When it comes to managing trade investment, CPG companies can be paralyzed by the overwhelming task of managing incoming data. They rely on manual intervention and cumbersome spreadsheets to glean even the slightest bit of insight.
Combining Analytical with Artificial Intelligence
Industry leaders prioritize analytics initiatives within their organization to bridge the gap between data availability and actionable insight.
In doing so, these companies depend on advanced analytical solutions, like a trade promotion optimization (TPO) application, to improve the accuracy, efficiency and predictability of their trade promotion planning and analysis.
But, companies that can’t (or won’t) eliminate the manual intensiveness of data management, base and promotional analysis, and customer planning will be plagued with inaccuracies, redundancy and a lack of timely intelligence.
With this, companies must consider what, if any, artificial intelligence their TPO solution provides them to augment the manual limitations holding their company back from sustainable processes and results.
AI and Trade Marketing
These 3 AI capabilities, that should be part of any TPO solution you consider, can immediately improve your company’s data, leading to actionable insights that boost the bottom line.
1) Smooth Baselines
To develop accurate post-event analysis and lift-coefficients for customer planning, your baseline has to be right.

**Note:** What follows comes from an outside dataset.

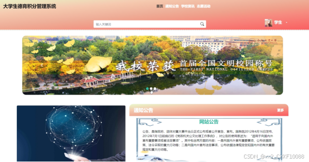 (1)首页:学生登录系统后,进入个性化的首页。该首页应提供简洁明了的界面,展示学生的个人信息、德育积分总览以及最新通知和重要动态。学生可以快速浏览学校的最新消息和即将到来的活动,以便及时了解和参与。

That said, manually compiling data to determine base volume and then managing these baselines is almost impossible.
Automate the harmonization of consumption, spending and shipment data to calculate the accurate baseline. Employ machine learning to smooth baselines to the correct curve as new data is added.
2) Generate Lift Coefficients
Calculating lift coefficients “is math not magic,” says Blacksmith TPO Chief Knowledge Officer, John Weller. With accurate lift coefficients, you can evaluate promotional lift during post-event analysis and inform precise forecasting during promotional planning.
However, the math behind the results frequently changes as new data enters the models. This means that traditionally there was a person, with a spreadsheet, that calculated the lift coefficients and then made them available for a sales planning team to forecast volume, revenue and profit for future events.
AI-calculated lift coefficients autonomously update as the data refreshes in your TPO, and then applies these real-time, data-driven predictive lift coefficients to your planning. In doing so, you eliminate manual mathematics. Now, use your time to focus on building the optimal plan by combining your industry experience with the auto-generated math.
3) Leverage Constraint-Based Modeling
It’s human nature to repeat something that works. Unfortunately, it is also human nature to repeat something that doesn’t work because we don’t know better. With artificial intelligence guided by constraint-based modeling, you can determine the “what else” when it comes to trade promotion event and customer planning. This functionality is critical to determine the optimal result.
User defined budget, profit, retailer and other constraints set the parameters while the machine learning engine runs through the possible event scenarios or promotional mixes that prescriptively optimize results for revenue, volume or profit.
Risk vs Reward
AI technology has several applications within a consumer goods company. Applying AI to manage and quantify the impact of your trade investment is an area where need and capability collide for optimal opportunity.
Think about your investment in trade today, the time your company spends managing this spend and its return on this investment. Employing AI capabilities from a trade promotion optimization solution doesn’t mean taking on something new; it means investing in advanced practices, improved intelligence and profitable results. The real risk is to continue uninformed promotional spending and draining resources. Avoiding that risk means investing in a tool that enables you to work smarter, not harder.